Digital Science are Gold Sponsors of this year’s event. Join us for our presentations in the ‘Data Integration and FAIR’, and ‘AI in Drug Discovery and Development’ tracks, and visit us in the exhibit hall!
Data Integration and FAIR track
The Foundation for Trustworthy AI: From FAIR Data Principles to Enterprise-Ready AI in Pharma
Speaker:
Mark Hahnel, VP of Open Research, Digital Science
Abstract:
The pharmaceutical industry faces a “scientific content crisis” where over half of professionals cite poor data quality and non-FAIR data as major barriers to AI implementation. A significant governance gap exists: 27% of professionals cannot trace the evidence chain powering their AI, and 38% have unclear copyright policies, leading to legal and regulatory risk (e.g., under the EU AI Act). This session provides an actionable blueprint to solve this crisis. We demonstrate how FAIR principles offer the necessary policy and metadata foundation, and how knowledge graphs serve as the operational layer to make that foundation actionable. Attendees will leave with five strategic recommendations, including the need to treat data infrastructure as a strategic investment, embrace neuro-symbolic architectures (like GraphRAG) to eliminate hallucinations, and build for machine actionability from day one to ensure AI systems are not only powerful but audit-ready and trustworthy.

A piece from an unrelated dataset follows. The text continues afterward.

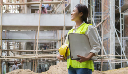 Young female civil engineer with protective helmets and vest standing in construction site. Engineering and architecture concept.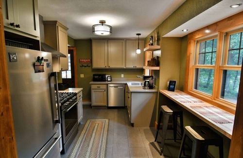 Arrowwood Lodge is perfect for a couple's getaway. A cozy Northwoods 1 bedroom, 1 bath cabin only one block from Lake Namakagon and the boat landing on Garden Lake. The fully equipped kitchen includes a stainless steel refrigerator, gas stove, and dishwasher. The counter seating in the kitchen makes a perfect spot for coffee and breakfast.

AI in Drug Discovery and Development
A Practical Path to AI-Grounded Drug Discovery with Knowledge Graphs
Speaker:
Mark Hahnel, VP of Open Research, Digital Science
Abstract:
Large Language Models (LLMs) often suffer from a critical failure mode in drug discovery: hallucination and a lack of semantic intelligence. This presentation moves beyond theoretical promise to showcase practical, knowledge-grounded AI applications that deliver measurable value across the drug discovery pipeline today. We will examine proven use cases, including target identification, drug repurposing, polypharmacy prediction, and adverse drug reaction prediction, where the systematic integration and traversal of interconnected biological knowledge via knowledge graphs have surfaced non-obvious, clinically relevant connections. The core solution is the neuro-symbolic approach, specifically Graph-based Retrieval Augmented Generation (GraphRAG), which uses the knowledge graph as a verifiable grounding layer to transform probabilistic LLMs into reliable reasoning systems. Learn how to connect your internal knowledge with the broader research intelligence ecosystem using persistent identifiers (ORCID, DOI, ROR) to accelerate your pipeline.